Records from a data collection
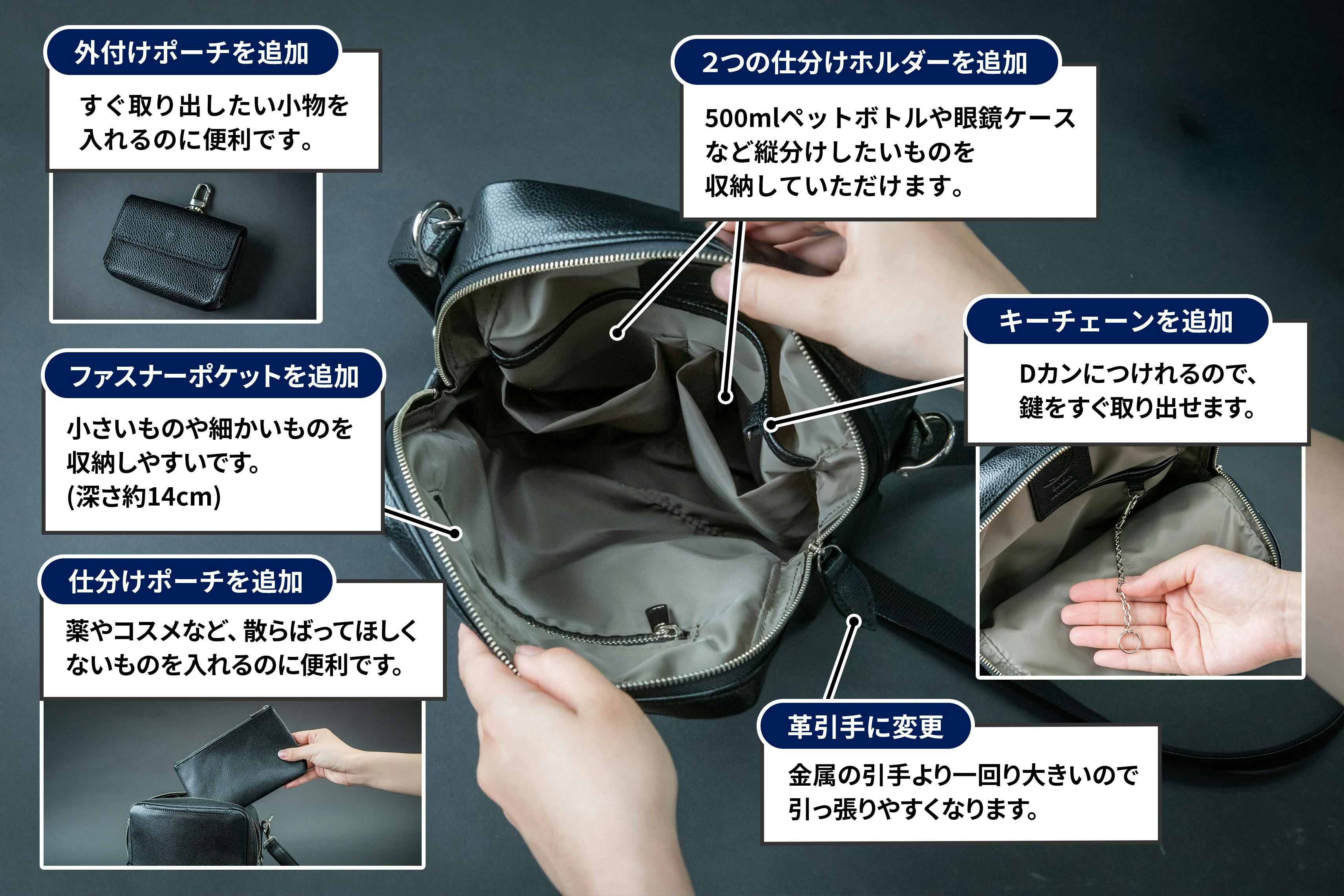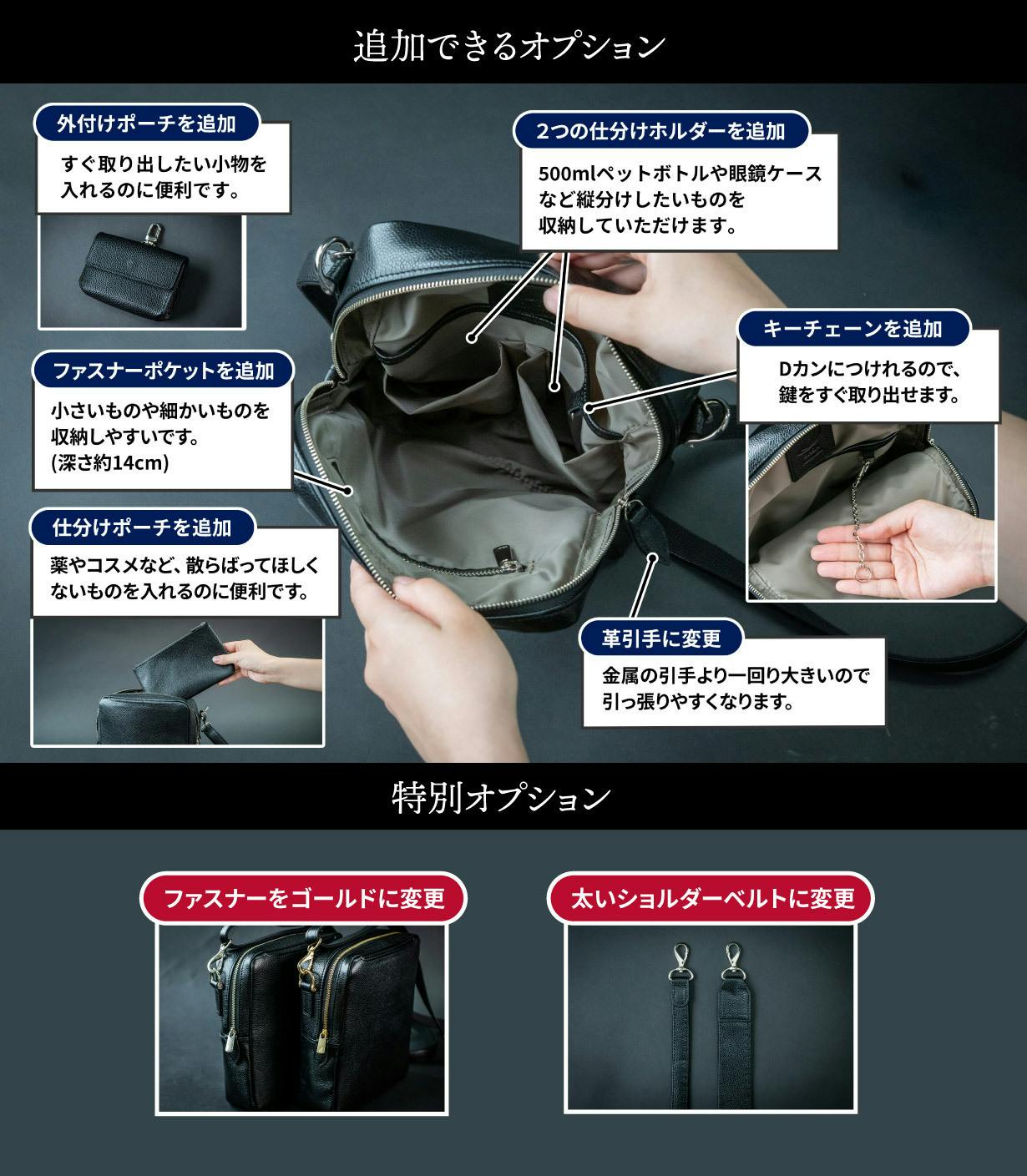 オプションを追加購入いただくことで、自分のライフスタイルに合わせたバッグを作ることができます。
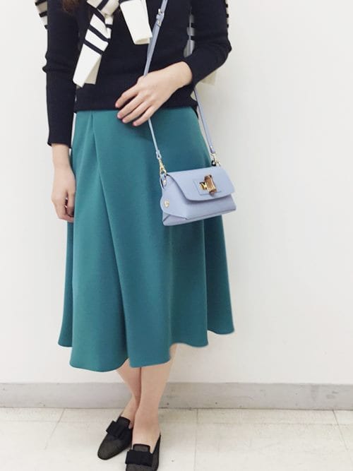 素敵なスカートが入荷致しました。色味も上品で、履いたシルエットも広がりすぎず、大人な印象に。 寒い気候が続きますが、是非色物で気分を上げてみてはいかがでしょう。
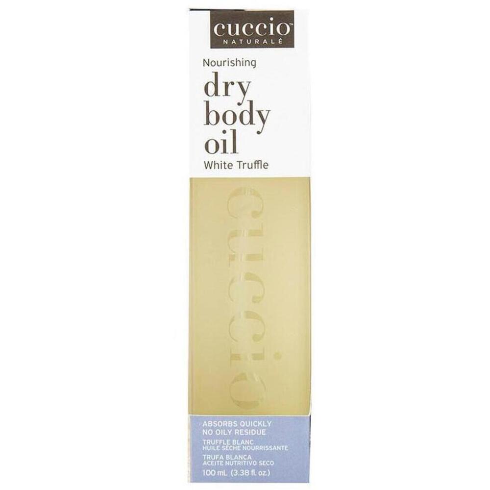Cuccio Dry Body Oil - White Truffle / 3.38 fl. oz. - 100 mL. Offer the beauty of soft, hydrated skin with Cuccio Dry Body Oil. This lightweight oil absorbs faster with greater hydration and no oily residue. 3.38 fl oz.
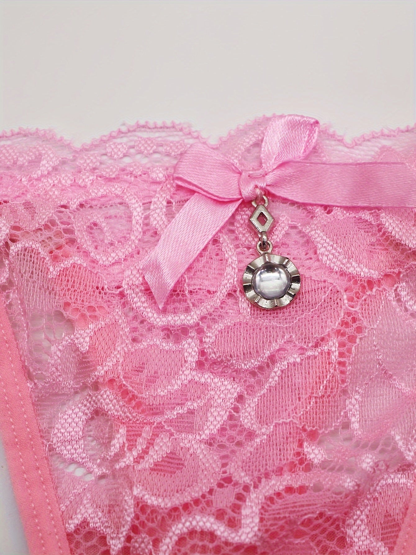 Women's Floral Lace Low Waist Thongs with Bow Tie Sexy Lingerie
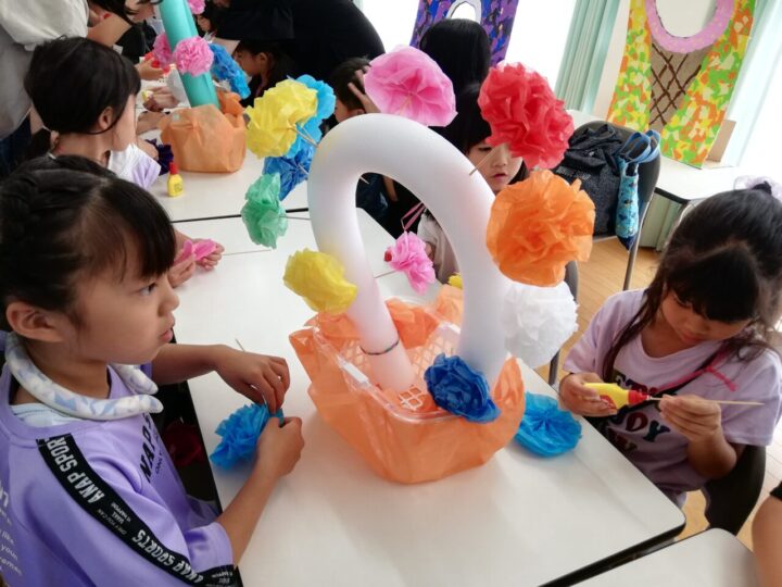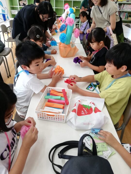 ⑥お花屋さん  花を作って児童館をかざろう。色とりどりのお花をみんなで作りました。
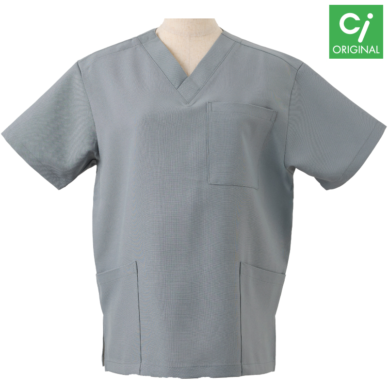 <プルオーバースクラブ>右肩スナップボタン、左胸ポケット、両脇ポケット、右後ろポケット、両脇スリット
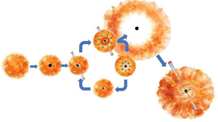 超巨星自调控坍缩星模子表露图:在中间阶段,伽马暴的前身星参加“快速吸积—强放射/外流制动—吸积减慢—制动消弱—再次吸积”的轮回反复进行,造成自若的自调控机制。图据中国科学院高能物理所
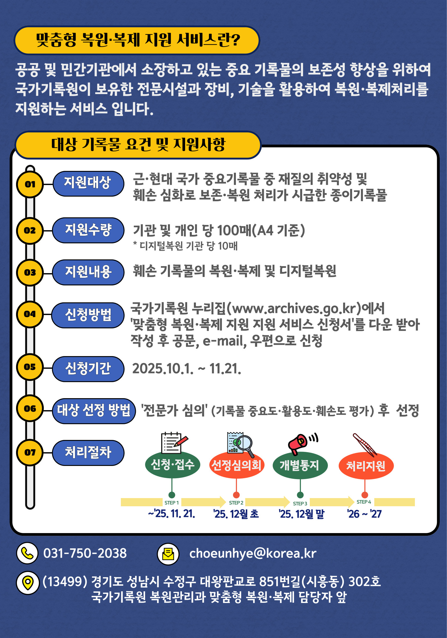제목 「2026~2027년 맞춤형 복원·복제처리 지원 서비스」 안내
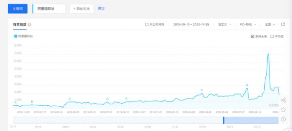 百度指数中,“阿里国际站”的热度在进入2020年后增长迅速
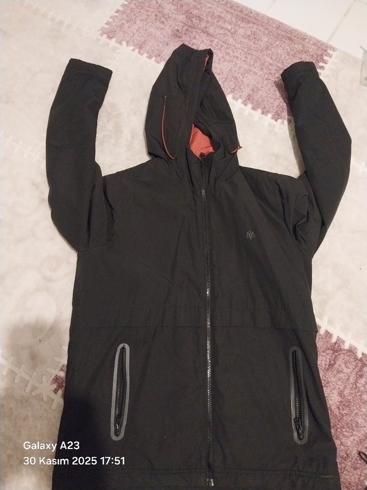 Fermuarlı mavi marka orjinal Siyah Kapüşonlu Erkek Ceket
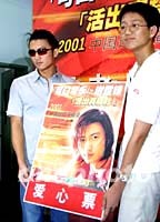 組圖:謝霆鋒在上海為演唱會(huì)做前期推廣 2001年07月19日 21:16 ![]() 香港歌手謝霆鋒七月十九日在上海為其演唱會(huì)做前期推廣。“可口可樂(lè)謝霆鋒活出真精彩2001中國(guó)巡回演唱會(huì)”將于七月二十八日在可容納八萬(wàn)人的上海體育場(chǎng)舉行。謝霆鋒希望屆時(shí)更多的歌迷能了解他、接近他。中新社記者 潘索菲 攝 ![]() 新天王謝霆鋒十九日在上海向上海慈善基金會(huì)慈善助學(xué)的受助學(xué)生代表贈(zèng)送本月二十八日在此間舉行的“可口可樂(lè)謝霆鋒活出真精彩演唱會(huì)”的門(mén)票。中新社記者 潘索菲 攝
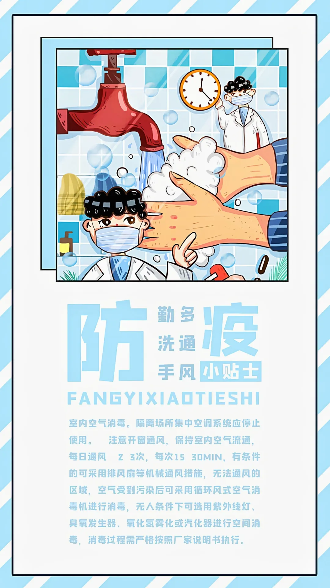 2. 注意个人卫生习惯,避免用脏手触摸眼鼻口等部位,咳嗽、打喷嚏时用纸巾、手帕或手肘、衣襟掩住口鼻;随时进行手卫生;切勿随地吐痰。
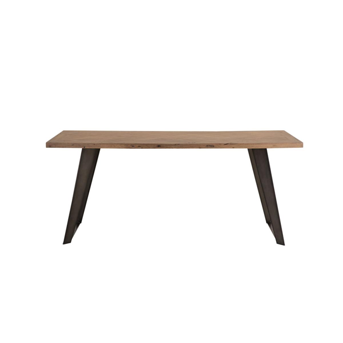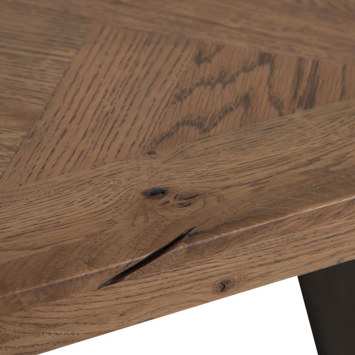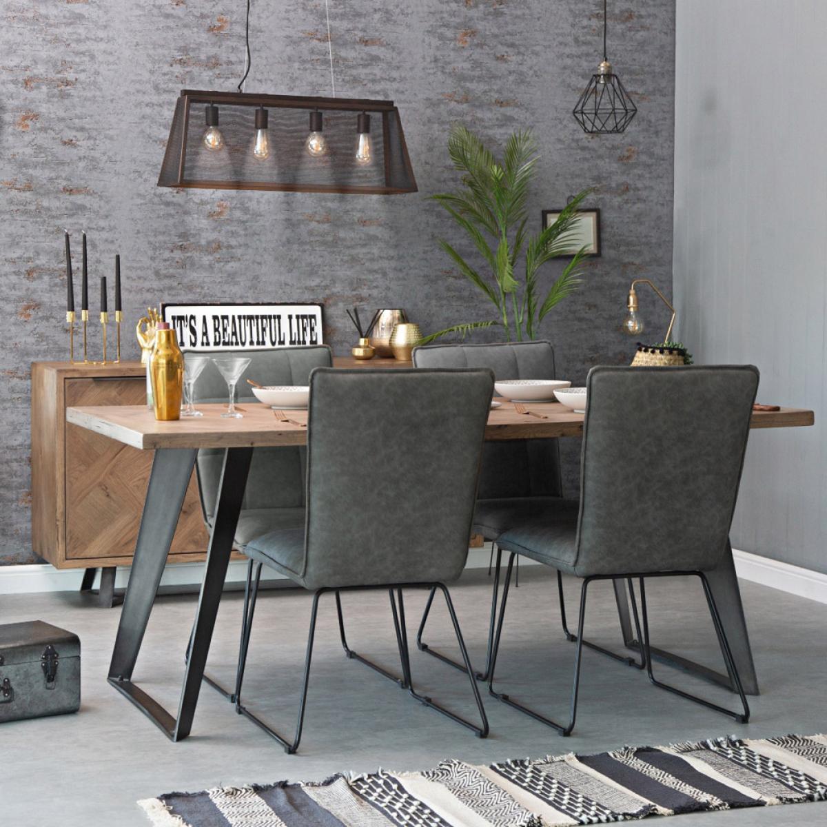 Table Only. Chairs are for illustrative purposes only and can be purchased separately. Seating your guests in style really does set the tone for the evening ahead, so why not really push the boat out and enjoy it? That was what we thought when we started designing the Industrial Oak 1. 4 m Fixed Top Dining Table, and we couldn't be more delighted with the way it's all come together. The striking oak top and signature pattern contrast with the industrial legs to create a statement Dining Table that will catch every eye as they make their way to their seats. All that's left is to explore the rest of our collection to pick out the matching dining chairs that will complete the picture.

THE PROBLEM: Output only these lines, word for word: the line containing "2. 注意个人卫生习惯,避免" and every line after it through the last line of the data. Omit the pictures.

EXPECTED ANSWER:
 2. 注意个人卫生习惯,避免用脏手触摸眼鼻口等部位,咳嗽、打喷嚏时用纸巾、手帕或手肘、衣襟掩住口鼻;随时进行手卫生;切勿随地吐痰。
 Table Only. Chairs are for illustrative purposes only and can be purchased separately. Seating your guests in style really does set the tone for the evening ahead, so why not really push the boat out and enjoy it? That was what we thought when we started designing the Industrial Oak 1. 4 m Fixed Top Dining Table, and we couldn't be more delighted with the way it's all come together. The striking oak top and signature pattern contrast with the industrial legs to create a statement Dining Table that will catch every eye as they make their way to their seats. All that's left is to explore the rest of our collection to pick out the matching dining chairs that will complete the picture.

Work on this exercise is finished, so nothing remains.